Roberto Baggio, l’uomo più che il grande campione

Mondiali di Calcio 1994 negli USA: una cameriera di colore uscendo da una camera, incontra un calciatore straniero che le fa i complimenti per le elaborate treccine della sua elegante pettinatura afro. Lui ha una testa di capelli ricciuti, lunghi e ribelli, ma quando riappare agli allenamenti due ore dopo, ha una serie di perfette treccine afro. «Il mio codino nacque così: per gentilezza e per divertimento, e poi grazie ad un elastico messo alla bell’e meglio per evitare che le treccine mi dessero noia durante la corsa. Mai avrei pensato che sarebbe piaciuto così tanto a tutti da diventare il mio segno distintivo. Adesso le treccine non ci sono più, ma al codino mi ci sono affezionato». Così ci ha raccontato Roberto Baggio, capelli candidi e viso da ragazzo, alla presentazione del film a lui dedicato dal titolo Il Divin Codino, diretto da Letizia Lamartire e da quest’oggi disponibile su Netflix. Non una biografia e neppure un film sul calcio, bensì «un modo per celebrare un atleta, ma soprattutto l’uomo che c’era dietro», come ha puntualizzato in conferenza stampa Sara Furio di Netflix International Original Films che ha ricordato: «All’epoca vivevo a Chicago, ma come tutti i ragazzini di famiglia italo americana, anch’io avevo la maglia e gli scarpini di Baggio ed era per lui che tutti noi in America facevamo il tifo».
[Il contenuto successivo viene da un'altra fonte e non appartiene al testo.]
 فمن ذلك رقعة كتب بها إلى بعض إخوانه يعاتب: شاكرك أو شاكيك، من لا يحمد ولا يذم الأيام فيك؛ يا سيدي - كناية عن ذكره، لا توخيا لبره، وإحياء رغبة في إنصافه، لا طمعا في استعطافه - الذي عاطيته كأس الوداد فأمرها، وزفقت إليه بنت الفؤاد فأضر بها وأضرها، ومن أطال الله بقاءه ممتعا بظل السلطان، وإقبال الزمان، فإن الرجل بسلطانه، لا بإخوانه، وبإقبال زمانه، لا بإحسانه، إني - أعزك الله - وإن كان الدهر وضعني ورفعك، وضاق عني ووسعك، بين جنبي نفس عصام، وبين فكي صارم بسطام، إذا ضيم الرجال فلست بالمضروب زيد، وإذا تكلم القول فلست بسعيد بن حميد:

Una storia molto americana
Il cinema americano ha sempre avuto un debole per gli uomini capaci di tenere testa al destino beffardo, per i campioni in grado di risorgere dai momenti bui e di lottare per realizzare i propri sogni, e in questo Roby Baggio in fondo non è molto diverso da Rocky Balboa. Quando nel 1985 da giovane promessa, considerato un novello Maradona, dal Vicenza sta per spiccare il volo verso la Fiorentina e una promettente carriera, un terribile infortunio – uno di quelli che all’epoca significavano spesso la fine prematura di qualsiasi sogno di gloria – lo blocca in ospedale e poi in riabilitazione per due anni e gli impedisce di giocare. «I tifosi della Fiorentina mi sostennero in quegli anni difficili», ricorda Baggio. «La gente di Firenze mi voleva bene anche se non avevo ancora mai giocato. Ed io sono stato profondamente grato per questo loro affetto e non l’ho mai dimenticato». E per dimostrarlo, quando, venduto alla Juventus, Baggio dovette lasciare la squadra e la città, portò con sé una sciarpa viola raccattata in campo e, con quel gesto, in fondo si portò via anche il cuore dei tifosi.
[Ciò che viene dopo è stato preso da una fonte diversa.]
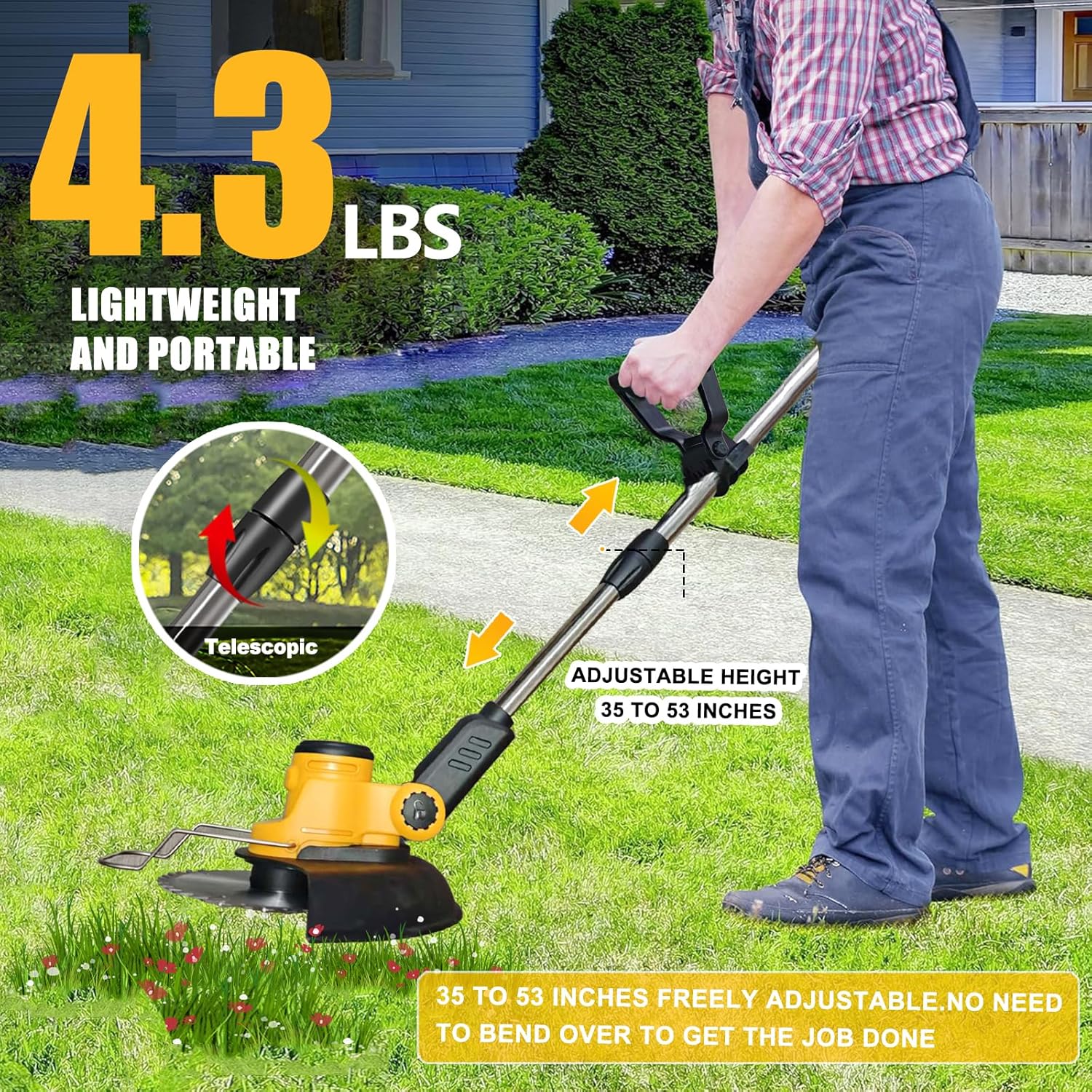 - 🎁【Adjustable design】Cordless weed wacker electric has an adjustable lever that can be freely adjusted between 37 and 53 inches, Provide the required length for everyone, Working in a comfortable position to reduce pressure on the waist and shoulders. Angle of the cordless weed eater head can be adjusted betw7en 0-90 degrees, making it easy for you to handle every corner and gap, improving work efficiency.

È questo il fascino potente e discreto assieme alla fatica, alla tensione, ai sacrifici, il segreto di questo campione del calcio silenzioso e riservato che ha conquistato gli italiani con i fatti, passando di squadra in squadra, affrontando problemi fisici e calcistici, incomprensioni con gli allenatori e, a fasi alterne con le tifoserie, lottando con se stesso e le proprie insicurezze come narra il film Il Divin Codino.
La sfida dell’eroe al destino
«È la sfida dell’eroe con il suo destino sintetizzata in tre momenti della carriera e della vita di Roberto Baggio», hanno raccontato Ludovica Rampoldi e Stefano Sardo sceneggiatori del film. «Ci sono gli inizi e il drammatico passaggio alla Fiorentina; il cruciale rigore sbagliato di Pasadena al Mundial; e poi dopo il bel periodo al Brescia, in perfetta sintonia con il mitico allenatore Mazzone, la speranza del quarto mondiale in Nazionale: Corea-Giappone del 2002 che però sfuma. Prima c’è un grave incidente al ginocchio a bloccare Baggio e poi una volta ristabilitosi in tempi record, viene lasciato a casa da Trapattoni che all’ultimo ha cambiato idea».
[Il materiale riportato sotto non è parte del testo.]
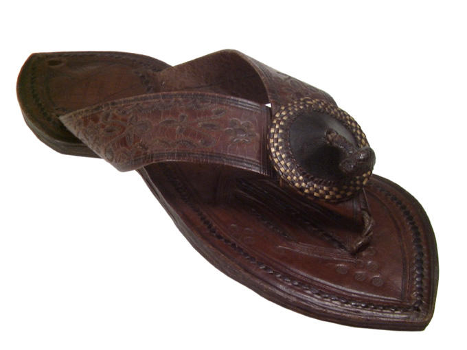 Sandales de femme en cuir finement gravé. Gros bouton ouvragé en décor

Il filo rosso che unisce tutti questi avvenimenti è il rapporto conflittuale tra Roby, (interpretato da Andrea Arcangeli) e il padre Florindo (Andrea Pennacchi), un uomo umile, che si è fatto da solo e con la moglie Matilde ha allevato otto figli, ma la durezza della sua vita l’ha reso rigido, più incline alle critiche, secondo lui istruttive, che ai complimenti; cieco davanti al bisogno del figlio di essere rassicurato, sia dell’amore paterno che per il suo talento. «Ci sono momenti nella vita di ogni ragazzo», ha confessato Roberto Baggio, «in cui vedi un nemico in tuo padre, nei tuoi genitori, che invece vorrebbero proteggerti insegnandoti a vivere. Ed è una cosa straziante e sbagliata».
«Dai spazio all’emozione»
Un personaggio complesso e un ruolo difficile per il giovane protagonista del film Andrea Arcangeli che, dopo avere passato tante ore a vedere ed ascoltare registrazioni video e audio per «rubare» il modo di muoversi di Baggio; il tono della sua voce dall’accento particolare che il tempo e i trasferimenti di città in città hanno cambiato; si è sentito dire da Roberto alla vigilia del primo ciak: «Basta. Non pensare più a me. Hai fatto tutto quello che dovevi e potevi fare. Adesso tocca a te, vivi quest’occasione che è solo tua. Dai spazio all’emozione che senti». E anche se non è lui nelle sequenze delle partite che vediamo, Arcangeli riesce a trasmettere allo spettatore quella passione, quello struggimento che lo catalizzano sino alla fine, davanti alle continue «discese e risalite», vittorie e sconfitte di un fuoriclasse che si porta dentro ancora l’amarezza di quel rigore sbagliato, sognato sin da bambino, ma che saputo lo stesso costruirsi una carriera ed una vita fuori dall’ordinario.